Aim of the exercise:
Reproduced exactly, the lines from the start of the material through the line containing "Technické dáta: drez: Rozmer: 737x475x177mm" should be the whole answer, with pictures excluded.

Information shown:
- Opening Delimiter -

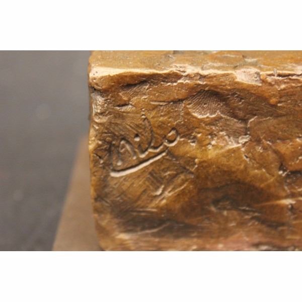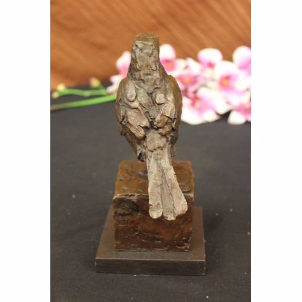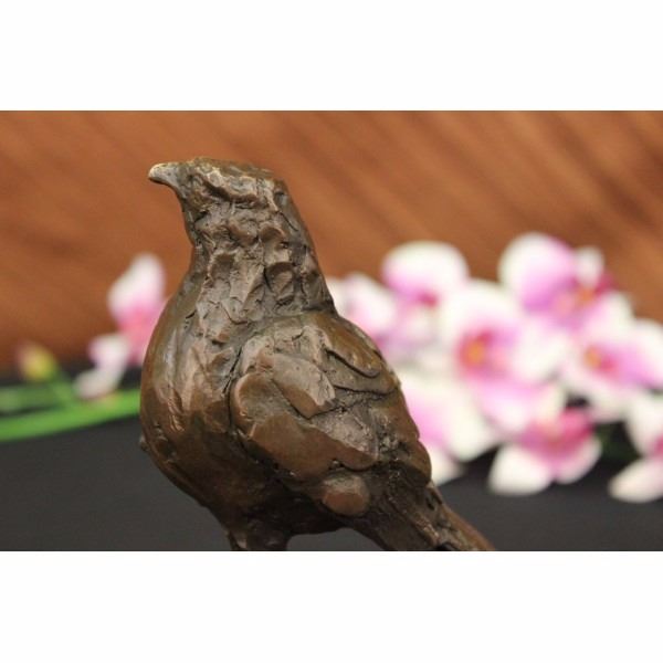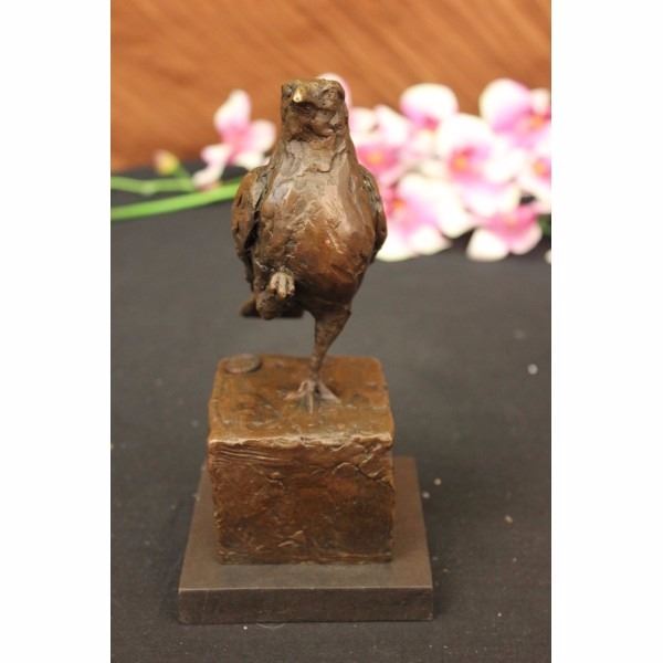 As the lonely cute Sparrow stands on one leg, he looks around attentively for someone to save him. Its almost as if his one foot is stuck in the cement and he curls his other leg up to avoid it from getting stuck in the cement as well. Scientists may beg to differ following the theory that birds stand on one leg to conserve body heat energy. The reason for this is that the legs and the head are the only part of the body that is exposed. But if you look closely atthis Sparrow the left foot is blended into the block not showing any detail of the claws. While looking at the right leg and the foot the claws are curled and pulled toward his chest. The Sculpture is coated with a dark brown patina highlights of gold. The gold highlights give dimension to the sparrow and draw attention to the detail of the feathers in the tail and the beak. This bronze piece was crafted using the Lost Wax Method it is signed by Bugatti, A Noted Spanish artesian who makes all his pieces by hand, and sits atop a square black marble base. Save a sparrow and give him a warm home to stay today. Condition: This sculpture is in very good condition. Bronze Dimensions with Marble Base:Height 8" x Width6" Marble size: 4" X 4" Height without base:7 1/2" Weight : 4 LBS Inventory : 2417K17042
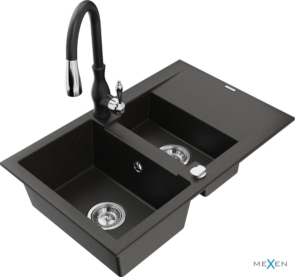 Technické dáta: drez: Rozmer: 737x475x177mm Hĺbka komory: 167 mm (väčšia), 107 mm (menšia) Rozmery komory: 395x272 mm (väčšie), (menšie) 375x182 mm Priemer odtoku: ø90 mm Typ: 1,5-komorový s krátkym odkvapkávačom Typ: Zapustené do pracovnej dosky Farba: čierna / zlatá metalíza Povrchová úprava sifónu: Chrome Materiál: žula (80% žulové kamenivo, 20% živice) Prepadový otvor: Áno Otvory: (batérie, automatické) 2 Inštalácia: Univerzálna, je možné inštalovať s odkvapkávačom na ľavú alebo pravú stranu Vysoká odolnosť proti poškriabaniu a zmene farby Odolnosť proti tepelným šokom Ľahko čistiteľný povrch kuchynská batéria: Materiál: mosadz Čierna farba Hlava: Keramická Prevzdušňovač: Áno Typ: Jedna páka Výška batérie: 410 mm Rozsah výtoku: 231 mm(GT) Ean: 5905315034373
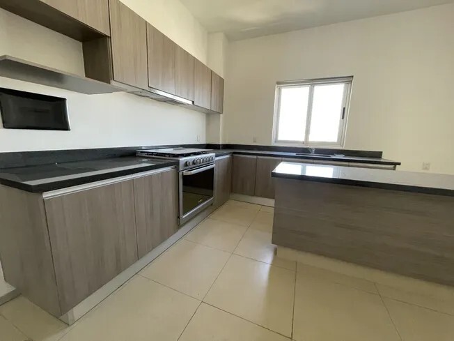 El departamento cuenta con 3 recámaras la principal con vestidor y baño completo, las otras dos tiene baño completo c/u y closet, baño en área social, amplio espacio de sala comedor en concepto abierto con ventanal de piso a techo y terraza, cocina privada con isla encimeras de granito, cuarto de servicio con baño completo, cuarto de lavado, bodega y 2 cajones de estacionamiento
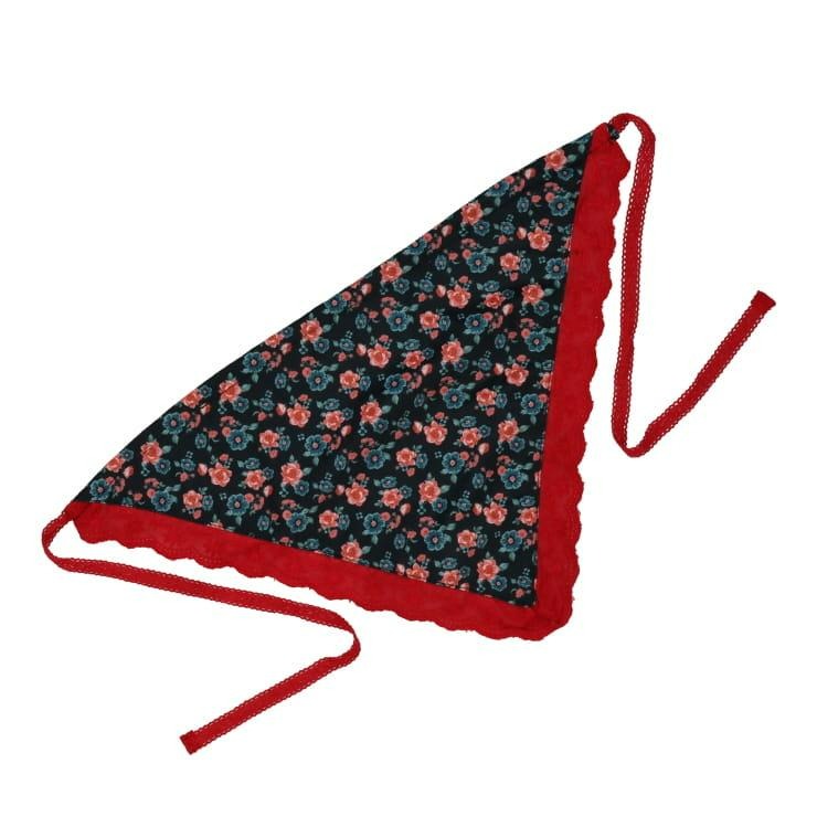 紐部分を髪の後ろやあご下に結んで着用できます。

- Closing Delimiter -

Task output:
 As the lonely cute Sparrow stands on one leg, he looks around attentively for someone to save him. Its almost as if his one foot is stuck in the cement and he curls his other leg up to avoid it from getting stuck in the cement as well. Scientists may beg to differ following the theory that birds stand on one leg to conserve body heat energy. The reason for this is that the legs and the head are the only part of the body that is exposed. But if you look closely atthis Sparrow the left foot is blended into the block not showing any detail of the claws. While looking at the right leg and the foot the claws are curled and pulled toward his chest. The Sculpture is coated with a dark brown patina highlights of gold. The gold highlights give dimension to the sparrow and draw attention to the detail of the feathers in the tail and the beak. This bronze piece was crafted using the Lost Wax Method it is signed by Bugatti, A Noted Spanish artesian who makes all his pieces by hand, and sits atop a square black marble base. Save a sparrow and give him a warm home to stay today. Condition: This sculpture is in very good condition. Bronze Dimensions with Marble Base:Height 8" x Width6" Marble size: 4" X 4" Height without base:7 1/2" Weight : 4 LBS Inventory : 2417K17042
 Technické dáta: drez: Rozmer: 737x475x177mm Hĺbka komory: 167 mm (väčšia), 107 mm (menšia) Rozmery komory: 395x272 mm (väčšie), (menšie) 375x182 mm Priemer odtoku: ø90 mm Typ: 1,5-komorový s krátkym odkvapkávačom Typ: Zapustené do pracovnej dosky Farba: čierna / zlatá metalíza Povrchová úprava sifónu: Chrome Materiál: žula (80% žulové kamenivo, 20% živice) Prepadový otvor: Áno Otvory: (batérie, automatické) 2 Inštalácia: Univerzálna, je možné inštalovať s odkvapkávačom na ľavú alebo pravú stranu Vysoká odolnosť proti poškriabaniu a zmene farby Odolnosť proti tepelným šokom Ľahko čistiteľný povrch kuchynská batéria: Materiál: mosadz Čierna farba Hlava: Keramická Prevzdušňovač: Áno Typ: Jedna páka Výška batérie: 410 mm Rozsah výtoku: 231 mm(GT) Ean: 5905315034373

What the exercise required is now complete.